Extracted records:
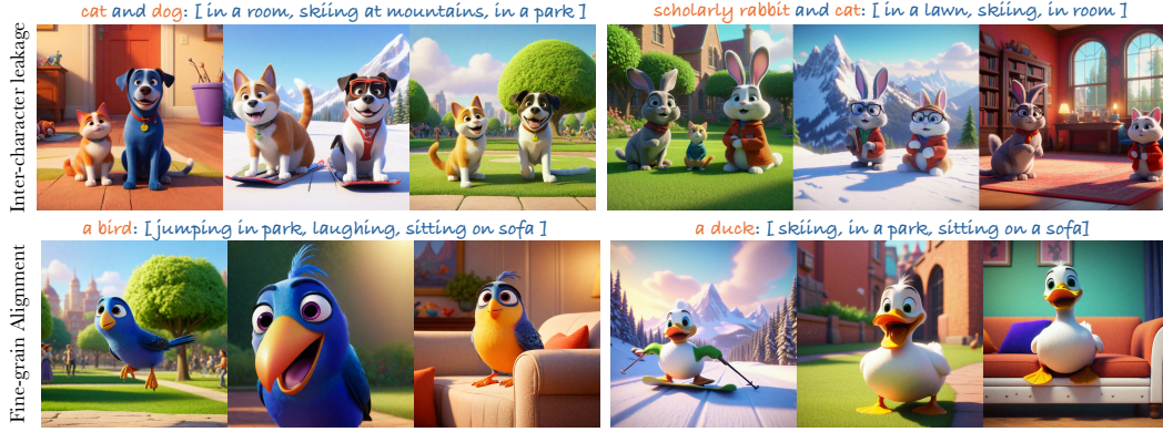
Figure 2: Identifying key consistency problems with prior state-of-the-art ( storydiffusion ; left and consistory ; right). We find that naive cross-frame self-attention struggles with two main limitations: 1) Intercharacter-leakage causing the features of different characters to mix (e.g., rabbit and cat, cat and dog), 2) lack of fine-grain consistency for subject details (body of bird, wings of duck).

video generation (Zhou et al., 2024; Zhao et al., 2024; Yuan et al., 2024). Prior works on ensuring consistency typically reply on subject personalization (Feng et al., 2023; Jeong et al., 2023; Avrahami et al., 2024). This includes inference-time optimization methods (e.g., dreambooth ) (Ruiz et al., 2022; Gal et al., 2022) which requires expensive optimization for each subject. Encoder-based methods (Wei et al., 2023; Li et al., 2024a) have also been explored, but they require large-scale training and fail to scale to multiple characters. Recent works have also explored training-autoregressive models (Liu et al., 2024; Zhao et al., 2024; Yang et al., 2024b) for storyboard generation. However, this again requires expensive training and the resulting methods are observed to overfit on the training domain.
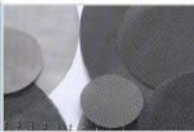
Black Wire Cloth
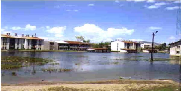
Fig. 1 Houses lying in the water as a result of overflow on the Iskele district of Lake Van

In our study, we learned association rules among past meteorological data and used these rules in combination with varying geographical coordinates of Lake Van itself and some specified regions around it both to forecast and validate possible overflows and underflows. The meteorological data parameters are as follows: lake altitude, amount of rainfall, evaporation on the surface of the lake, humidity and temperature. We collected data about these parameters from 22 meteorological stations recorded during 1990-2011 period. Some of these stations are: Adilcevaz, Ahlat, Çaldıran, Erçek, Erciş, Gevaş, Göldüzü, Güzelsu, Muradiye, Ovakışla, Özalp, Bitlis Reşadiye, Tatvan and Van stations. The relationships between these parameters were presented in the form of association rules. Finally, we analysed these rules to find possible causes of over and underflows.
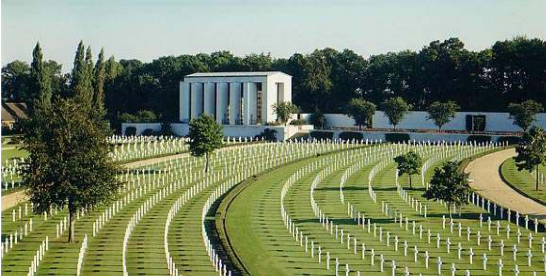
CAMBRIDGE AMERICAN CEMETERY AND MEMORIAL
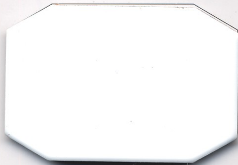
NPET-308 纯白(pure white)
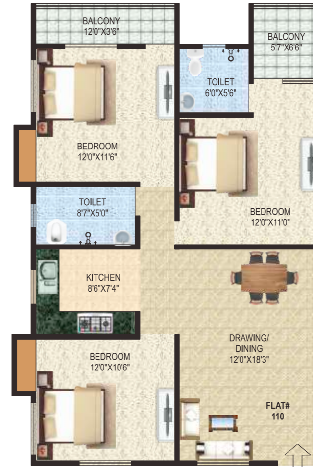
Flat No. 101 / 102 / 103 / 104 107 / 108 / 109 / 110
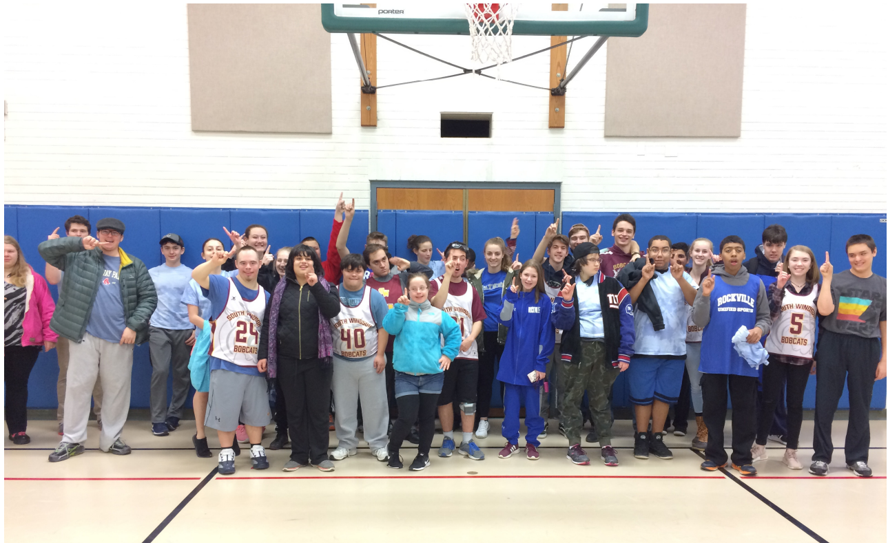
Top and below left: Parks & Rec. was proud to host the SWHS Unified Basketball team at Wapping gym for their latest game versus Rockville High
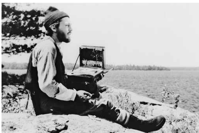
Figure 2. Joyce Wieland, The Far Shore (Tom McLeod), 1976. Film: 106 minutes, colour, sound, 35mm. © Cinémathèque québécoise, Montréal (Film still: Cinémathèque québécoise).

environment. In her artistic production Wieland extends this understanding of aboriginal cultures and identities in order to draw attention to the consequences of exploiting the land for capitalist gain, a strategy that constructs aboriginal peoples as both intimately connected to the natural environment and as victims of capitalist modernity.
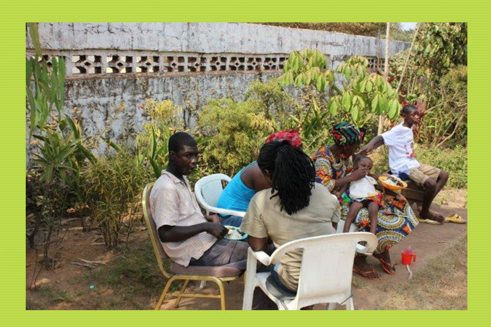
My Heart's Appeal, Inc.
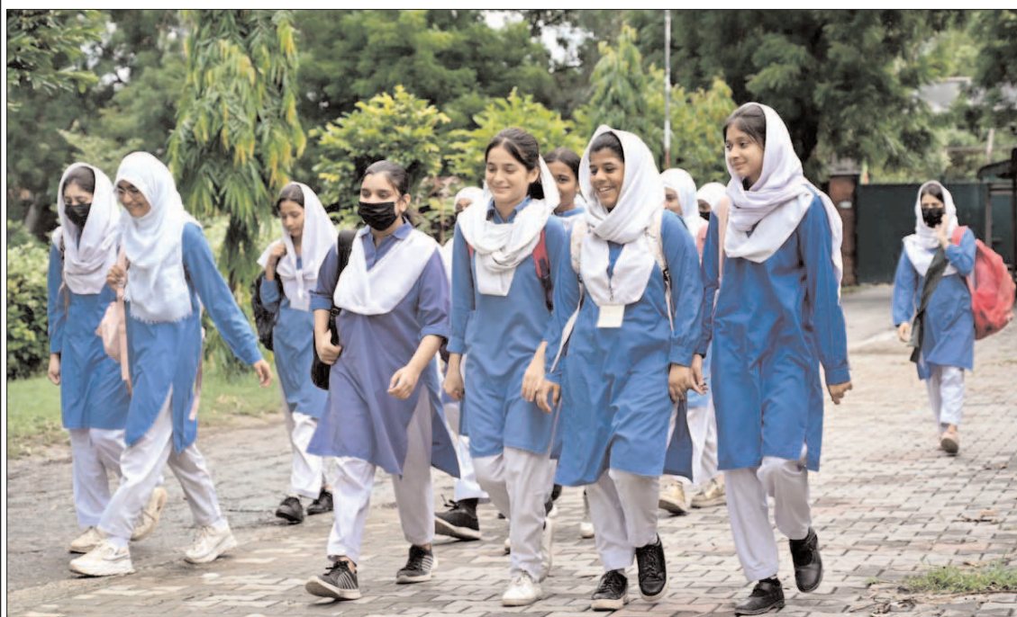
LAHORE: Students arriving at school on the first day after summer vacation in the provincial capital.

Communications and Works (C&W) Minister Sohaib Ahmed said that the Punjab government stands firmly with the people and will not leave them alone in this difficult time. He added that only collective efforts and teamwork could ensure success in overcoming the crisis and bringing relief to the flood-affected communities.
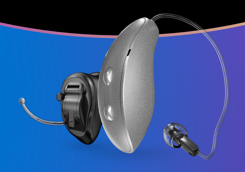
PRODUCT GUIDE 2024
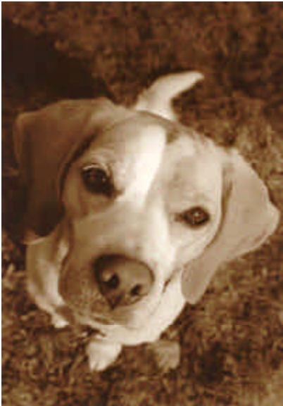
B&W Print: Fauna - Combined "Chessy" Jason Unruh
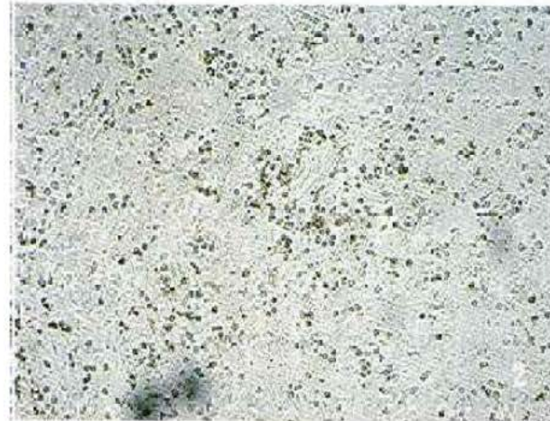
Fig. 2: Formation of rounding cells on vero cell monolayer layer following infection by IBDV

started to adapt on vero cell line and their infectivity to vero cells were low. The P1 viruses were more virulent to vero cells. During second passage, some changes of vero cell monolayer began to develop after 72 h of incubation following infection. Monolayer showed rounding of infected cells. Nevertheless, complete CPEs of IBDV on vero cells were not found at this passage. During third passage, CPE was rapid and consistent. Following 144 h of infection, rounding of infected cells and aggregation of rounding cells were observed.
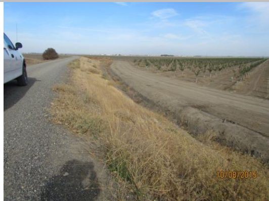
View of the ditch on the landward side of the levee looking upstream. Fall 2015.
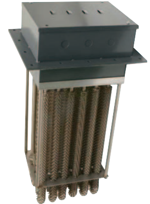
Finned Duct Heater

D Standard field replaceable elements are held in place with single-screw quick-release "V" clamps. Pressure resistant designs utilizing welded elements, bulkhead fittings, or compression fittings to attach elements to the flange are available to limit leakage of ducted air or gases into the terminal enclosure. Welded elements are used for gas tight applications.
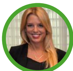
Pam Bondi Attorney General
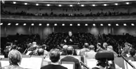
2018 performance of the Royal Concertgebouw Orchestra at Carnegie Hall, Daniele Gatti, chief conductor.
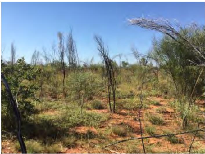
Figure 8 Q05: Brachychiton diversifolius subsp. diversifolius, Corymbia zygophylla, Acacia eriopoda shrub, Chrysopogon fallax, Sorghum plumosum, Eragrostis eriopoda, tussock grass. -18.0513, 122.6563. Photo taken in a western direction.
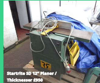
Startrite SD 12" Planer / Thicknesser £950
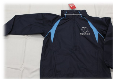
Tape inside neck band

• _Work item_: Output all the records above again exactly, with the pictures dropped.

• _Written answer_:
Figure 2: Identifying key consistency problems with prior state-of-the-art ( storydiffusion ; left and consistory ; right). We find that naive cross-frame self-attention struggles with two main limitations: 1) Intercharacter-leakage causing the features of different characters to mix (e.g., rabbit and cat, cat and dog), 2) lack of fine-grain consistency for subject details (body of bird, wings of duck).

video generation (Zhou et al., 2024; Zhao et al., 2024; Yuan et al., 2024). Prior works on ensuring consistency typically reply on subject personalization (Feng et al., 2023; Jeong et al., 2023; Avrahami et al., 2024). This includes inference-time optimization methods (e.g., dreambooth ) (Ruiz et al., 2022; Gal et al., 2022) which requires expensive optimization for each subject. Encoder-based methods (Wei et al., 2023; Li et al., 2024a) have also been explored, but they require large-scale training and fail to scale to multiple characters. Recent works have also explored training-autoregressive models (Liu et al., 2024; Zhao et al., 2024; Yang et al., 2024b) for storyboard generation. However, this again requires expensive training and the resulting methods are observed to overfit on the training domain.
Black Wire Cloth
Fig. 1 Houses lying in the water as a result of overflow on the Iskele district of Lake Van

In our study, we learned association rules among past meteorological data and used these rules in combination with varying geographical coordinates of Lake Van itself and some specified regions around it both to forecast and validate possible overflows and underflows. The meteorological data parameters are as follows: lake altitude, amount of rainfall, evaporation on the surface of the lake, humidity and temperature. We collected data about these parameters from 22 meteorological stations recorded during 1990-2011 period. Some of these stations are: Adilcevaz, Ahlat, Çaldıran, Erçek, Erciş, Gevaş, Göldüzü, Güzelsu, Muradiye, Ovakışla, Özalp, Bitlis Reşadiye, Tatvan and Van stations. The relationships between these parameters were presented in the form of association rules. Finally, we analysed these rules to find possible causes of over and underflows.
CAMBRIDGE AMERICAN CEMETERY AND MEMORIAL
NPET-308 纯白(pure white)
Flat No. 101 / 102 / 103 / 104 107 / 108 / 109 / 110
Top and below left: Parks & Rec. was proud to host the SWHS Unified Basketball team at Wapping gym for their latest game versus Rockville High
Figure 2. Joyce Wieland, The Far Shore (Tom McLeod), 1976. Film: 106 minutes, colour, sound, 35mm. © Cinémathèque québécoise, Montréal (Film still: Cinémathèque québécoise).

environment. In her artistic production Wieland extends this understanding of aboriginal cultures and identities in order to draw attention to the consequences of exploiting the land for capitalist gain, a strategy that constructs aboriginal peoples as both intimately connected to the natural environment and as victims of capitalist modernity.
My Heart's Appeal, Inc.
LAHORE: Students arriving at school on the first day after summer vacation in the provincial capital.

Communications and Works (C&W) Minister Sohaib Ahmed said that the Punjab government stands firmly with the people and will not leave them alone in this difficult time. He added that only collective efforts and teamwork could ensure success in overcoming the crisis and bringing relief to the flood-affected communities.
PRODUCT GUIDE 2024
B&W Print: Fauna - Combined "Chessy" Jason Unruh
Fig. 2: Formation of rounding cells on vero cell monolayer layer following infection by IBDV

started to adapt on vero cell line and their infectivity to vero cells were low. The P1 viruses were more virulent to vero cells. During second passage, some changes of vero cell monolayer began to develop after 72 h of incubation following infection. Monolayer showed rounding of infected cells. Nevertheless, complete CPEs of IBDV on vero cells were not found at this passage. During third passage, CPE was rapid and consistent. Following 144 h of infection, rounding of infected cells and aggregation of rounding cells were observed.
View of the ditch on the landward side of the levee looking upstream. Fall 2015.
Finned Duct Heater

D Standard field replaceable elements are held in place with single-screw quick-release "V" clamps. Pressure resistant designs utilizing welded elements, bulkhead fittings, or compression fittings to attach elements to the flange are available to limit leakage of ducted air or gases into the terminal enclosure. Welded elements are used for gas tight applications.
Pam Bondi Attorney General
2018 performance of the Royal Concertgebouw Orchestra at Carnegie Hall, Daniele Gatti, chief conductor.
Figure 8 Q05: Brachychiton diversifolius subsp. diversifolius, Corymbia zygophylla, Acacia eriopoda shrub, Chrysopogon fallax, Sorghum plumosum, Eragrostis eriopoda, tussock grass. -18.0513, 122.6563. Photo taken in a western direction.
Startrite SD 12" Planer / Thicknesser £950
Tape inside neck band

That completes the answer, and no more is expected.